Automation testing software tool

Katalon Platform is an automation testing software tool developed by Katalon, Inc. The software uses open-source automation frameworks Selenium, Appium and provides an IDE interface for web, API, mobile and desktop application testing. Its initial release for internal use was in January 2015. Its first public release was in September 2016.

== Platform Components ==
The Katalon Platform comprises modular features that can be used individually or together for test authoring, execution, and management.

=== Katalon Studio ===
Katalon Studio is the test authoring component for web, mobile, API, and Windows desktop applications. It provides a recorder for no-code/low-code test creation and a script view with code-completion and debugging features. The platform supports data-driven and keyword-driven testing, and follows the Page Object Model (POM) pattern. It uses open-source frameworks such as Selenium and Appium.
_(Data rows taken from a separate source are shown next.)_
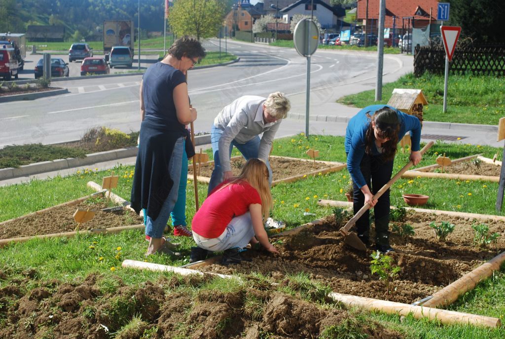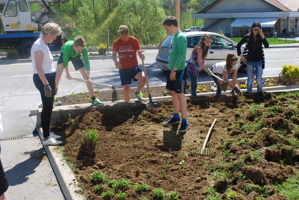 Učenci 8. in 9. razreda so pod mentorstvom gospe Marine Vešligaj  in ob pomoči gospe Milice Vetrih oblikovali gredice in zasajali nanje rože ter zelišča. Vsi sodelujoči pri projektu si zaslužijo izredno pohvalo. Prav posebej pa se zahvaljujemo gospe Milici, ki je nesebično prispevala veliko sadik iz svojega domačega vrta.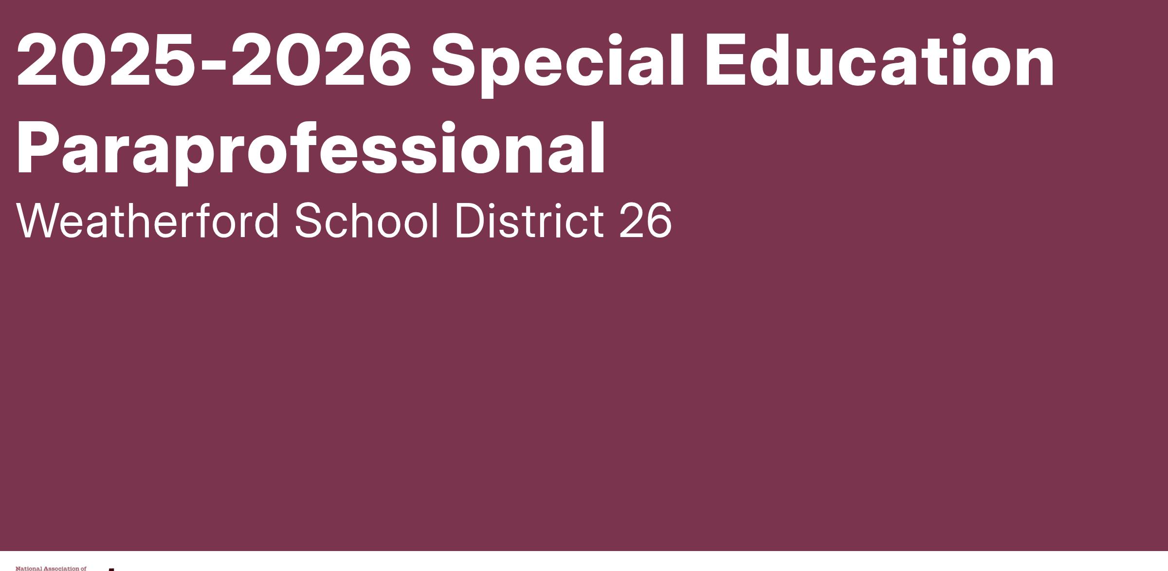 Listed below is a currently vacancy for a support staff position in the Weatherford Public School district. All salaries for support positions are based on earned position on the salary schedule.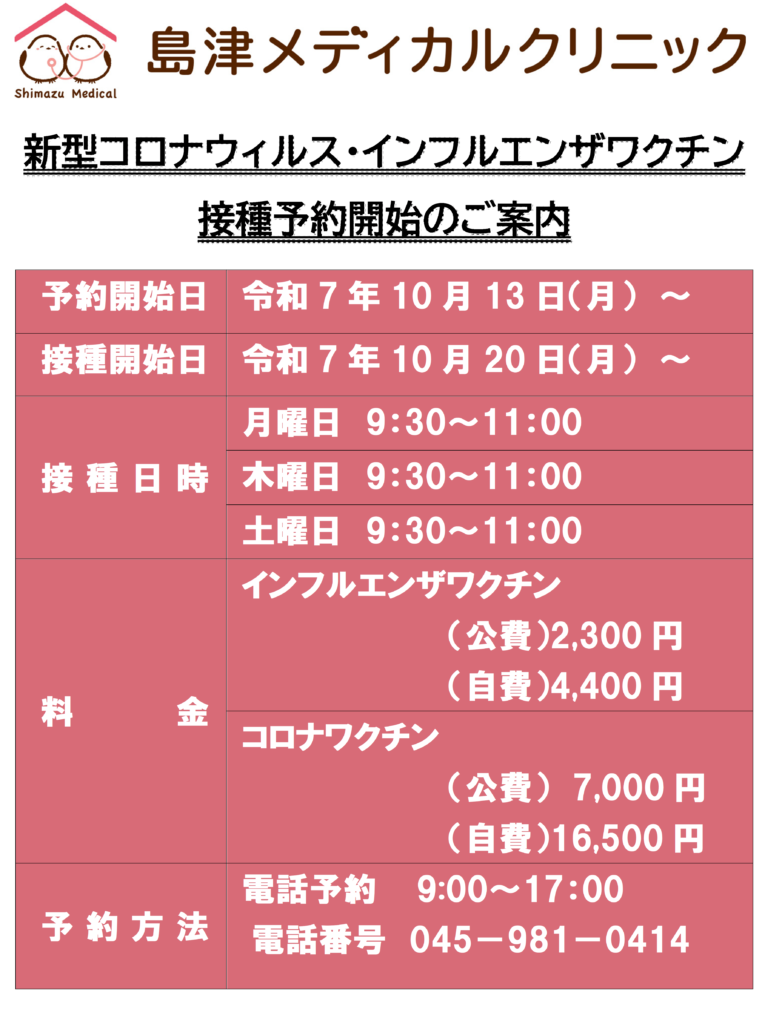 インフルエンザ・新型コロナウイルス予防接種について 2025/10/14 予防接種の予約受付を開始しております。 接種開始は2025年10月20日(月)です。 外来診察時間内での接種となります。 完全予約制となりますのでご希望の方はお電話にてお問い合わせください。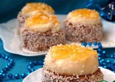 На смазанные сгущёнкой пирожные осторожно выкладываем из формочек желе и посыпаем кокосовой стружкой.Получаются "цветы под снегом"

From version 10.x, Studio includes the StudioAssist feature, which allows users to generate, maintain, and refactor test scripts using natural-language prompts.

=== Test Execution ===
Katalon Runtime Engine (KRE) is a command-line and CI/CD execution engine for headless and parallel test runs, supporting Docker and scheduler use cases.
Katalon TestCloud provides parallel test execution on hosted browsers and mobile devices in the cloud, enabling cross-browser and cross-device testing. The service also supports visual testing and mobile live testing.

=== Test Management & Analytics ===
Katalon TestOps provides a centralized platform for test management and analytics, connecting planning, execution, and reporting. It includes dashboards for quality metrics, flaky-test detection, and release readiness. TestOps integrates with CI/CD tools such as Jenkins, Azure DevOps, and GitHub Actions to support continuous testing and provide analytics.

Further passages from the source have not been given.